__Task details__
Please give all of the data again, character for character, and drop the pictures.

__Recorded data__
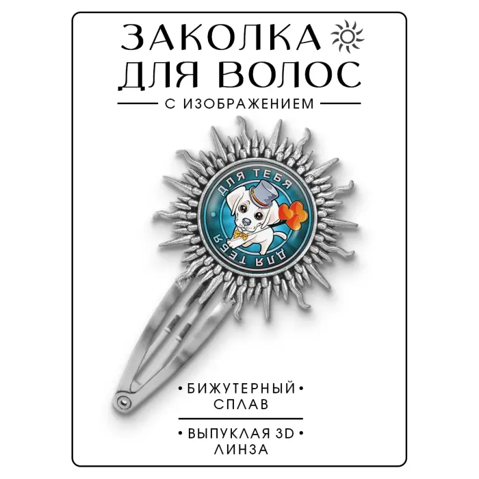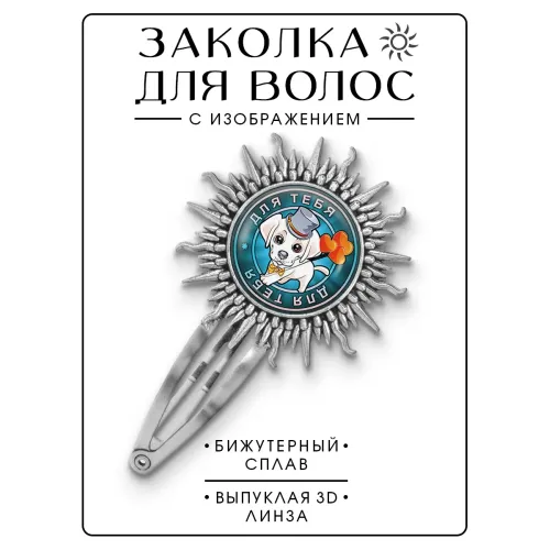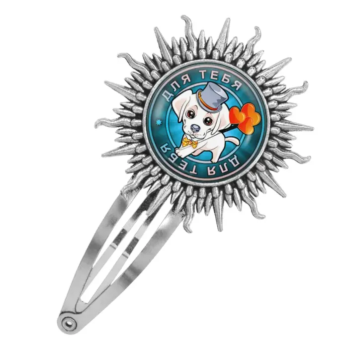 Размеры и комплектация: Размер заколки 77х45 мм, диаметр изображения 25 мм. Упаковка: прозрачный пакет.
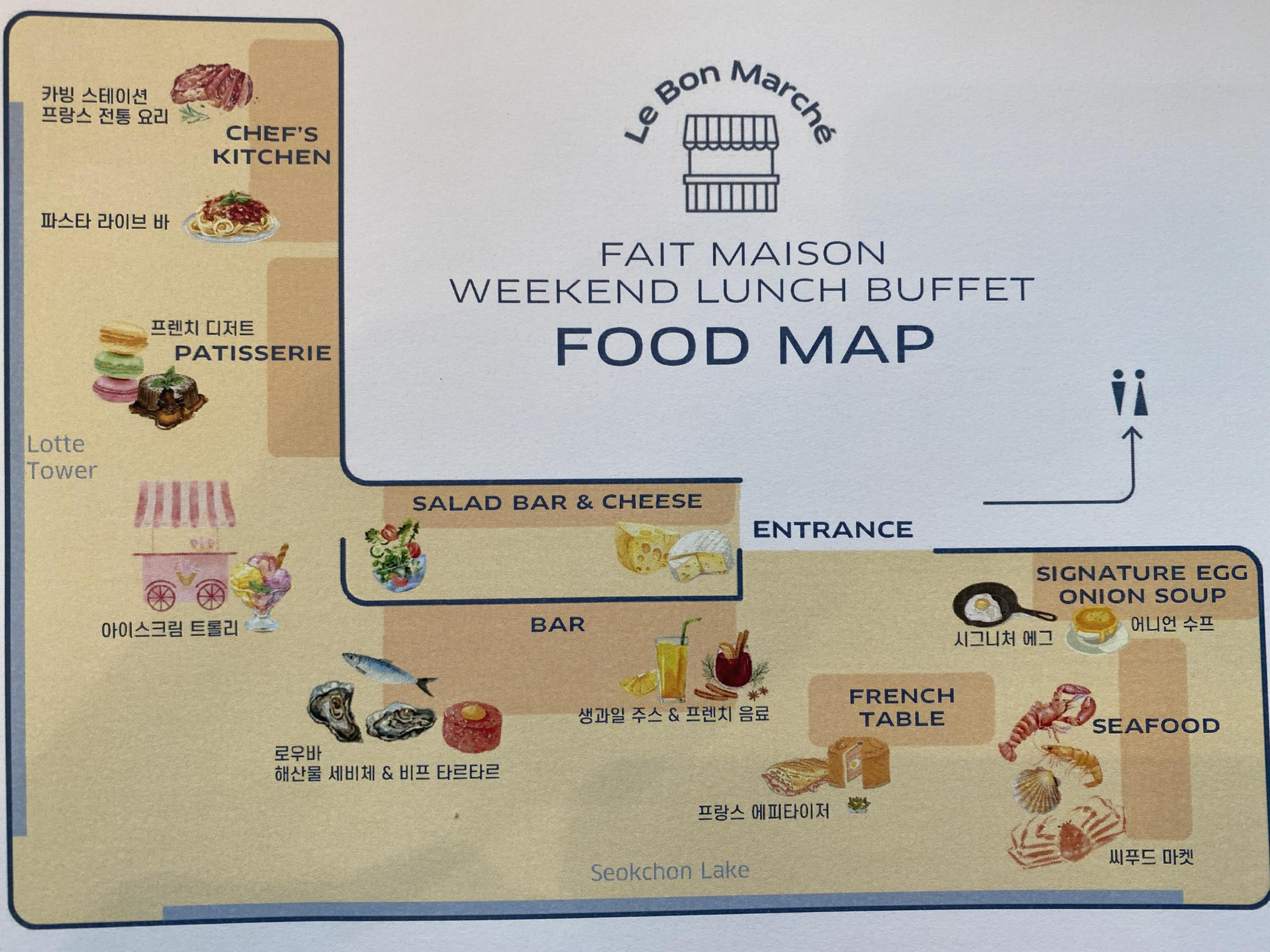 페메종 런치 사용 시간은 12시부터 3시까지인데, 너무 빡빡하지 않게 입장이 가능하고, 각 테이블마다, 아래와 같은 간단한 푸드맵을 제공하고 있어서 어떤 음식을 어디부터 먹을 것인지 간단하게 확인이 가능하다.
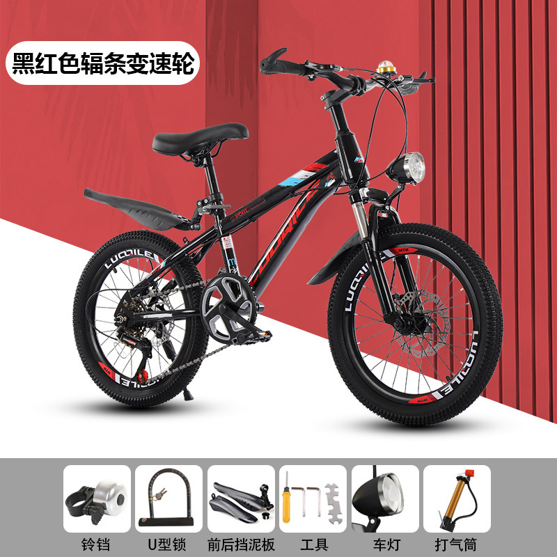 • [블랙 + 레드] 가변 속도 스포크 휠 충격 흡수 디스크 브레이크 [선물 패키지] - Luo Qile 22inch [신장 138-155에 적합]
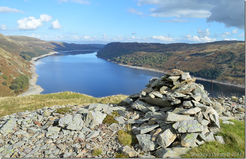 Haweswater Reservoir from Castle Crag (Mardale) summit cairn. |

__Response area__
 Размеры и комплектация: Размер заколки 77х45 мм, диаметр изображения 25 мм. Упаковка: прозрачный пакет.
 페메종 런치 사용 시간은 12시부터 3시까지인데, 너무 빡빡하지 않게 입장이 가능하고, 각 테이블마다, 아래와 같은 간단한 푸드맵을 제공하고 있어서 어떤 음식을 어디부터 먹을 것인지 간단하게 확인이 가능하다.
 • [블랙 + 레드] 가변 속도 스포크 휠 충격 흡수 디스크 브레이크 [선물 패키지] - Luo Qile 22inch [신장 138-155에 적합]
 Haweswater Reservoir from Castle Crag (Mardale) summit cairn. |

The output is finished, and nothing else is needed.